Мальчишник - страница 25

Шрифт
Интервал

стр.

— Дома в кладовке крюк облюбовал, — ни к кому не обращаясь, произносит он отвыкшим от речей каркающим голосом. — Раскладушка на нем висела. Прочный крюк. Но не смог…

По другую сторону от меня вскакивает летчик. Рискуя рассыпаться на части, бессвязно машет руками, дергает вкось головой, топает босыми ногами.

— Позор! Не сметь! Нести крест! — в негодовании потеряв способность связывать слова, выплескивает их по отдельности.

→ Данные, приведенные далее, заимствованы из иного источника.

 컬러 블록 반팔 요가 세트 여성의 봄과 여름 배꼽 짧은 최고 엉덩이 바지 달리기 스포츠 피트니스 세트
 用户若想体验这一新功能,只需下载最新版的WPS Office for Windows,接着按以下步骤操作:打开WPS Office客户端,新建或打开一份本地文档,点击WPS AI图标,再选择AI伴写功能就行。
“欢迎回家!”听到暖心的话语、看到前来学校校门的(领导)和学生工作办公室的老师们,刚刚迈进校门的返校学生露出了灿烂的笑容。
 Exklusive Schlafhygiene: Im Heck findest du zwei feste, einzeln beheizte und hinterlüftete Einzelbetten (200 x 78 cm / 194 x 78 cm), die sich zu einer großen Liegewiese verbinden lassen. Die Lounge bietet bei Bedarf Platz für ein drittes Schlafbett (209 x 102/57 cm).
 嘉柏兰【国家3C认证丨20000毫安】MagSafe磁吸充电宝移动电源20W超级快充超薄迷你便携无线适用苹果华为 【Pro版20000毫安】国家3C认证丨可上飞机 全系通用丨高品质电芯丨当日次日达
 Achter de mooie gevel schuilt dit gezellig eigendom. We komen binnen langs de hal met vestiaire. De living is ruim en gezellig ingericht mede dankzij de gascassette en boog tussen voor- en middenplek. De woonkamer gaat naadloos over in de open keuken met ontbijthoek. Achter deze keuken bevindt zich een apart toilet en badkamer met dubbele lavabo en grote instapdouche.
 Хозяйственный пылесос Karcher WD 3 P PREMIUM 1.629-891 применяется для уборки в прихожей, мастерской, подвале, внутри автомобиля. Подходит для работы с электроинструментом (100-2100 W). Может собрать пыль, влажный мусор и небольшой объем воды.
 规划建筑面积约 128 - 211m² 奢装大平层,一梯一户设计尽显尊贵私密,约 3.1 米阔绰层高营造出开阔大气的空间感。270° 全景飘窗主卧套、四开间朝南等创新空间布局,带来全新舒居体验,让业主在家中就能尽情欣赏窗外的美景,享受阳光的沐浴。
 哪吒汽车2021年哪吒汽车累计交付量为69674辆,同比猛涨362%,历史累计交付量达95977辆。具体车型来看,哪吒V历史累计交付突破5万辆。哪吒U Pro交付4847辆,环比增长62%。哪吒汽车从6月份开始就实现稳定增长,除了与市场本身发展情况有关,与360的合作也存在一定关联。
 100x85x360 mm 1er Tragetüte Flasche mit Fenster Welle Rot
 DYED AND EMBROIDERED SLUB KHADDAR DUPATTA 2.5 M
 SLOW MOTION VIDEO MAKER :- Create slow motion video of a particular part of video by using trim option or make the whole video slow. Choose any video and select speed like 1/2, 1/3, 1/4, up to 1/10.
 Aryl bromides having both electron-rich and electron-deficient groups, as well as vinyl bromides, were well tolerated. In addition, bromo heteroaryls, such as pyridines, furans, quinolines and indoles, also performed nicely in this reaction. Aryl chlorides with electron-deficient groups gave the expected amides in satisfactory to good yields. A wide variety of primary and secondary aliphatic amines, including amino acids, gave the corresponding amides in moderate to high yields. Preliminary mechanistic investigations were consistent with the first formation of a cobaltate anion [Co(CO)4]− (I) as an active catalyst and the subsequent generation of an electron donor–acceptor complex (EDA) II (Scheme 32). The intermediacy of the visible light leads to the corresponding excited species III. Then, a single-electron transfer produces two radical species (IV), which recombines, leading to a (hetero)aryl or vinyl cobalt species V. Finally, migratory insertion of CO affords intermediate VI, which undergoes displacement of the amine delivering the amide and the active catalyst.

Говорят: на смерть, что на солнышко, во все глаза не глянешь. Здесь не только смотрят, не моргнув, но и обсуждают ее со всех сторон, словно близкую соседку. Между прорабом и летчиком завязывается спор. Я прислушиваюсь к ним и испытываю такое чувство, будто это не они, а я сам с собой спорю.

Немочь наваливается отовсюду. В особицу ничто не страждет: ни голова, ни грудь, ни нош — страждет все вместе, каждая фибра, каждая клетка, словно придавлен, превращен в червя многотонной могильной плитой, и сохранилась лишь единственная способность — впитывать эту тяжесть и вызываемую ею муку. Накатывает апокалипсический страх. Глаза застилает сыпучим туманом. Остатки сознания устремлены на то, чтобы не потерять достоинства: не закричать, не унизиться как-нибудь по-другому. Остатками сознания ищу я в пыльном тумане мерцающее окно и еще раз взвешиваю свои возможности. Смогу ли одним махом вырвать решетку? Не ошибусь ли окном? Их несколько, но только под средним на улице острыми углами скалится груда камней, которые поспособствуют осуществить замышленное наверняка… Это отчаивается во Мне прораб. Его запальчиво урезонивает летчик. Падет позор не на одну твою голову. Вспомни Монтеня, Сплоховал в схватке со смертью — осрамил всю жизнь. Хоть, и всесильна смерть, но и перед ней не надо шапку ломать. Легко биться с равными, побейся с ней, неравной самодержицей, авось зауважает.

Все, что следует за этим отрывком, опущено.